We are not just dreams and thoughts, but flesh, too. We live a life of the body. We live in the physical world, in relation to it. To destroy any of it is an abomination, yet what does it mean to separate ourselves in destruction from our worldly shell? Does it raise no specter? Why might it seem, saner, more moral, cleanereasier to kill only ourselves and spare the world? We are disappearing all the time – this person, here, there, those people, everywhere, always. The life of the world is the loss of people from it. But the world is still there, right? And there are always more people.

Gas the people of Ghouta. People die in war all the time. But Ghouta still stands, and people will return. We will hardly know what was done.

The tragic, melancholy final shots of On the Beach, Stanley Kramer’s film version of the Nevil Shute novel, draw their bottomless sorrow from a single vision: the world still standing and the people gone. The nuclear war had physically destroyed very little, but the radiation – in the manner of the neutron bomb –  had wafted over atmospheric currents to kill all still living, finally those in Australia. What a loss. What a symbol of loss. If the world was not created in itself mechanistically for sentient beings, does anyone have the least notion what value there is in all that there is without sentient beings to know it, be in it and of it?
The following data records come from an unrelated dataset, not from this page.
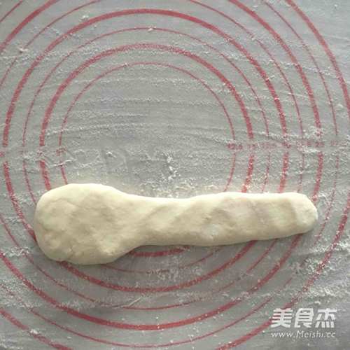 3发好的面团排气揉匀,分4份,每份搓成一头窄一头宽的长条
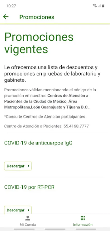 - Consult the historical information of the laboratory results; you can compare them, graph them or download them in pdf format.
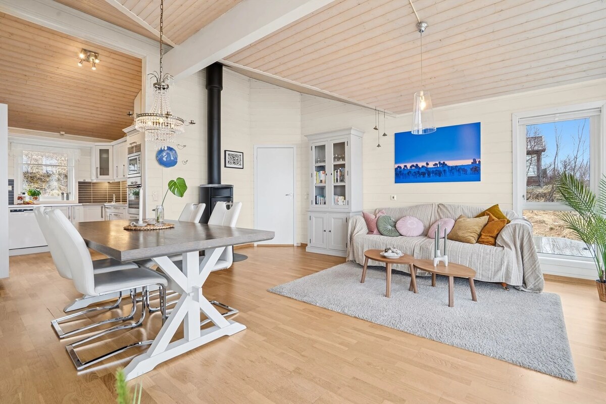 Spektakularna novoizgrađena kuća (2018.) u divnom, mirnom području sa prelijepim pogledom na fjord/more, planine i šumu u Kvaliji /Tromsu. Možete da posmatrate prelijepu sjevernu svjetlost / polarnu svjetlost sa ogromnog prozora (10 m2), sjedeći u dnevnoj sobi sa šoljicom čaja ili kafe u ruci:-) Ovo je savršeno mjesto za turiste koji žele da vide sjeverno svjetlo, kitove u fjordu zimi, planinarenje/ skijanje u planinama ili sve ostalo što želite u ovom divnom gradu.

Shot from close of "On the Beach"

from "On the Beach"

The physical world is destroyed every moment in natural decay: the world was born to end. That we were born to end in it, to end ourselves in it, must seem less natural. Streets without people, an empty city, a vacant world should always appear the essential crime.

Chemical weapons, we are told, we can see, produce agony. They encourage use directed at civilians, to clear populations, to terrify in their silence and their stealth, the invisible attack, which was the special horror of Ghouta. They are not weapons of war, they are weapons of inhumanity. Those who used and suffered them before, those who banned them, knew that. To fail to see that is our own inhumanity. To fail to act in response, a crime past forgetting.